Whether you want to relax on one of it’s many beaches with a pina colada, get a massage, enjoy water sports or take an ATV tour of the rugged desert bush, it is all at your fingertips. You can eat everything from upscale seafood to burgers and Italian. My personal favorite was the wine and dine door hosted by Kuku Kanooco. We traipsed around Aruba in a red-painted school bus with no windows where the party music blared and the maracas shook as we ate and drank at 4 restaurants. De Palm or El Tours are pretty popular as well. I gave my $$ to Indulgence Spa, which gave me the best deep tissue massage I have had in my life.

It’s easy to get around

Aruba is 19 miles long and 6 miles wide.

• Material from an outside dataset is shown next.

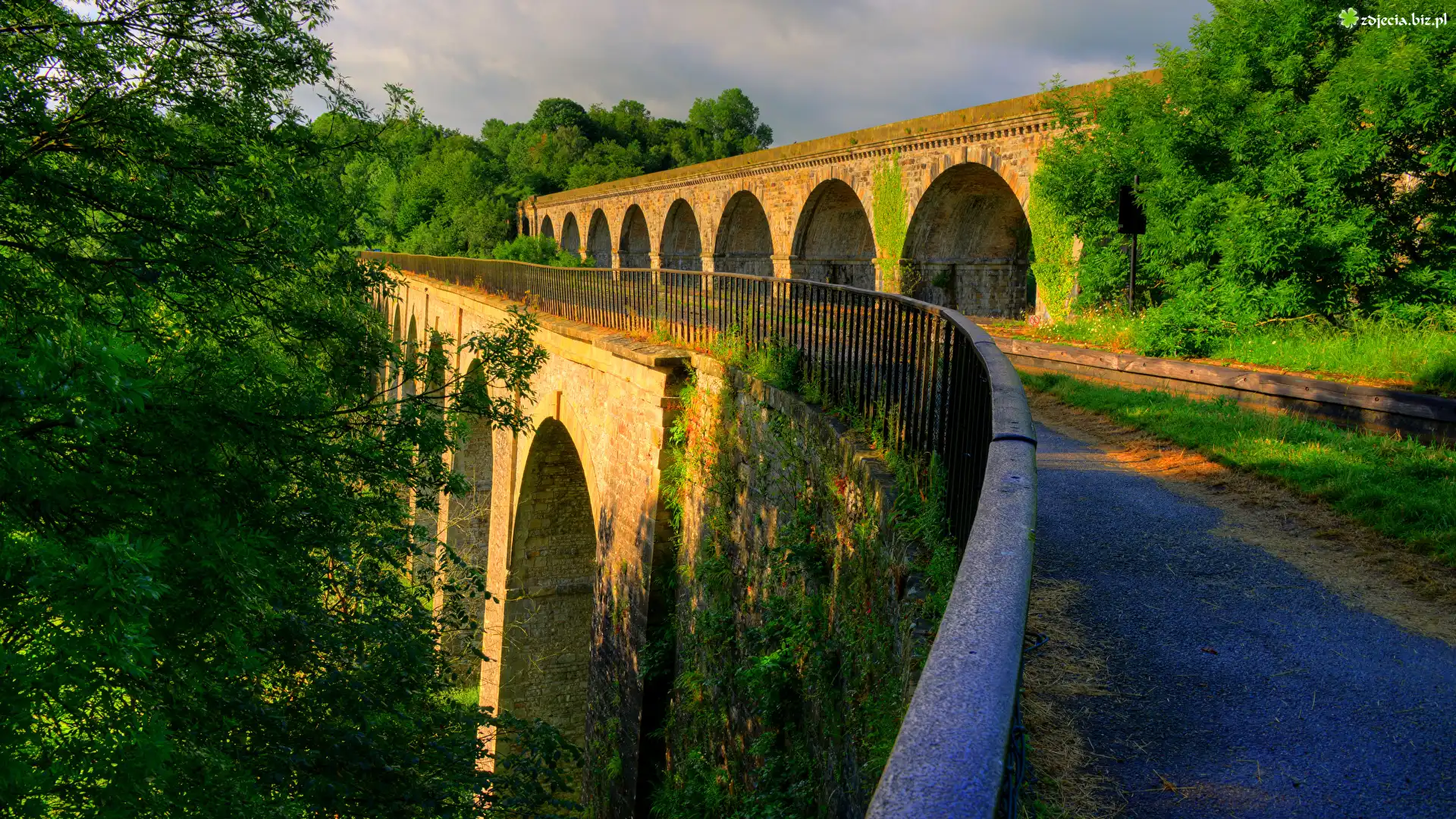Zdjęcie Most, Wiadukt, Atrakcja Chirk Aqueduct, Miejscowość Chirk, Hrabstwo Shropshire, Walia, Ogrodzenie, Droga, Drzewa, Roślinność |

You can drive from one end of the island to another in less than an hour. If you rent a car, though there are no street signs and no street lights (namely round-about). However, there are only a few main roads, and one of them takes you straight from the airport to downtown Oranjestad and right through all of the beach and hotel areas. The same is true for Arubus, which comes every 30 minutes and costs $2.60. Shelters are easily identifiable. Taxi’s are also easy to catch, although they can be a bit pricey (between $8-$35), most hotels and restaurants have taxi’s right in front. I took a 10-minute walk daily from my rented apartment to the beach area with no problem. Not only is it easy to get around, you will find most things just feel easy. That is why even the license plates proclaim that Aruba is “One Happy Island.”